Segment Start: Dataset extract

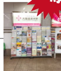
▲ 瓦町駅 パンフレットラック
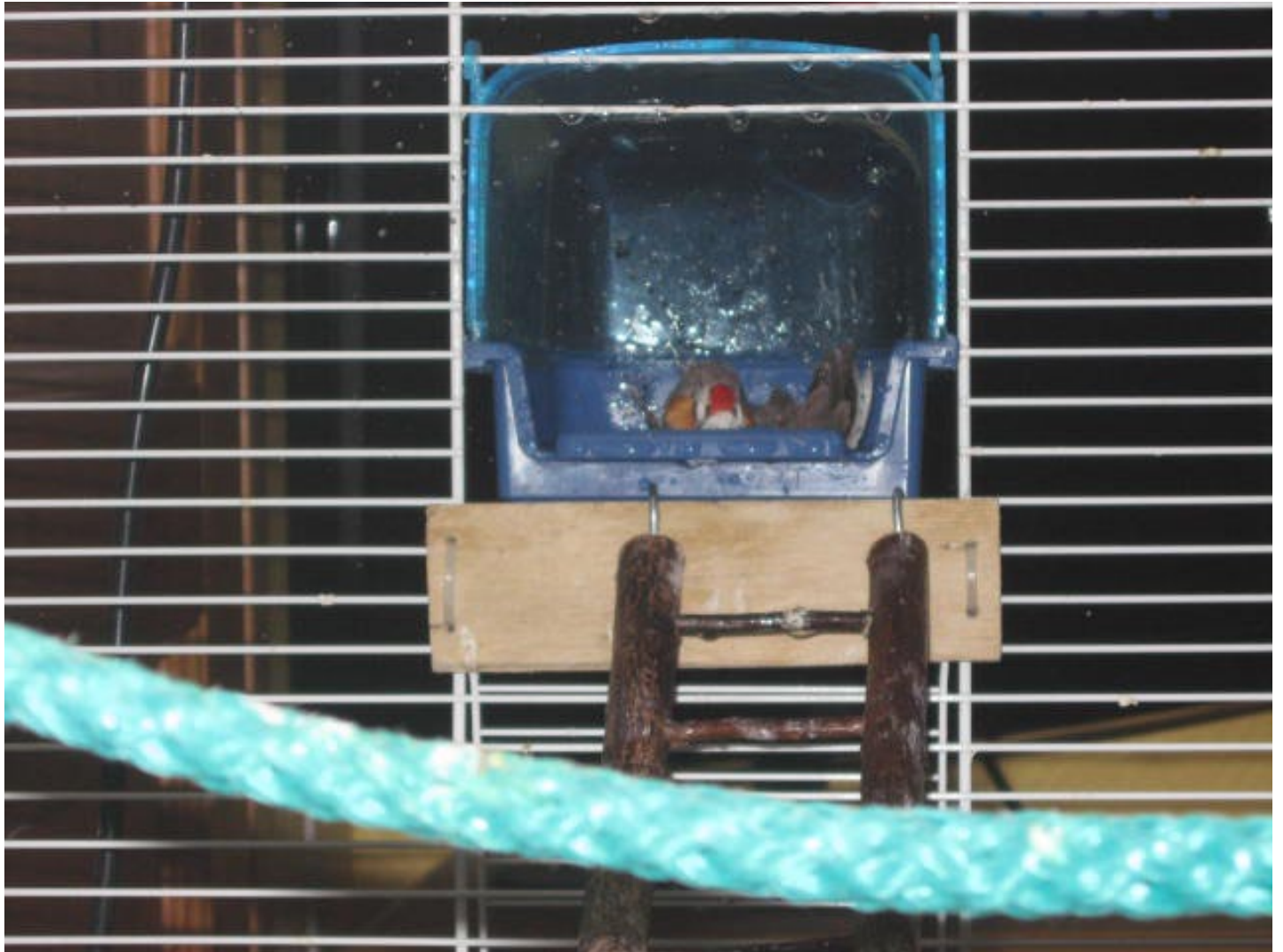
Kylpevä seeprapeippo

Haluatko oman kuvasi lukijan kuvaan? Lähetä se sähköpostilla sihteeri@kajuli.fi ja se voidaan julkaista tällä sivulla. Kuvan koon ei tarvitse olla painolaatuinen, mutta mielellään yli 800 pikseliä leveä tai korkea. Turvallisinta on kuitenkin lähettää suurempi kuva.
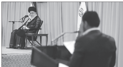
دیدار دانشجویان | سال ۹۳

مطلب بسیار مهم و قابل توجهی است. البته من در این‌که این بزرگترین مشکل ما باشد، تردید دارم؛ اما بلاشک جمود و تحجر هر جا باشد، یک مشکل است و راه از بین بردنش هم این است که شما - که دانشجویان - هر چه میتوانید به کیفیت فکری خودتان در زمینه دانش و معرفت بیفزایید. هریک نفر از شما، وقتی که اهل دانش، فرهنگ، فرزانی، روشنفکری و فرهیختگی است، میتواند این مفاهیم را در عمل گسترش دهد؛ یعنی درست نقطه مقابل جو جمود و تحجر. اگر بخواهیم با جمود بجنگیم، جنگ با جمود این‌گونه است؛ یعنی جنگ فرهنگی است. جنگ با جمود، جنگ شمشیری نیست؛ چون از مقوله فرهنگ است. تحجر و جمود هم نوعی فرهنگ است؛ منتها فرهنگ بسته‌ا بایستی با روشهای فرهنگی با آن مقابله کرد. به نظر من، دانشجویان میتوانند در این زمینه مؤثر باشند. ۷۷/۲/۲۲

Segment End: Dataset extract

Problem details: The records above should be repeated exactly, with every picture omitted.

Exercise output:
▲ 瓦町駅 パンフレットラック
Kylpevä seeprapeippo

Haluatko oman kuvasi lukijan kuvaan? Lähetä se sähköpostilla sihteeri@kajuli.fi ja se voidaan julkaista tällä sivulla. Kuvan koon ei tarvitse olla painolaatuinen, mutta mielellään yli 800 pikseliä leveä tai korkea. Turvallisinta on kuitenkin lähettää suurempi kuva.
دیدار دانشجویان | سال ۹۳

مطلب بسیار مهم و قابل توجهی است. البته من در این‌که این بزرگترین مشکل ما باشد، تردید دارم؛ اما بلاشک جمود و تحجر هر جا باشد، یک مشکل است و راه از بین بردنش هم این است که شما - که دانشجویان - هر چه میتوانید به کیفیت فکری خودتان در زمینه دانش و معرفت بیفزایید. هریک نفر از شما، وقتی که اهل دانش، فرهنگ، فرزانی، روشنفکری و فرهیختگی است، میتواند این مفاهیم را در عمل گسترش دهد؛ یعنی درست نقطه مقابل جو جمود و تحجر. اگر بخواهیم با جمود بجنگیم، جنگ با جمود این‌گونه است؛ یعنی جنگ فرهنگی است. جنگ با جمود، جنگ شمشیری نیست؛ چون از مقوله فرهنگ است. تحجر و جمود هم نوعی فرهنگ است؛ منتها فرهنگ بسته‌ا بایستی با روشهای فرهنگی با آن مقابله کرد. به نظر من، دانشجویان میتوانند در این زمینه مؤثر باشند. ۷۷/۲/۲۲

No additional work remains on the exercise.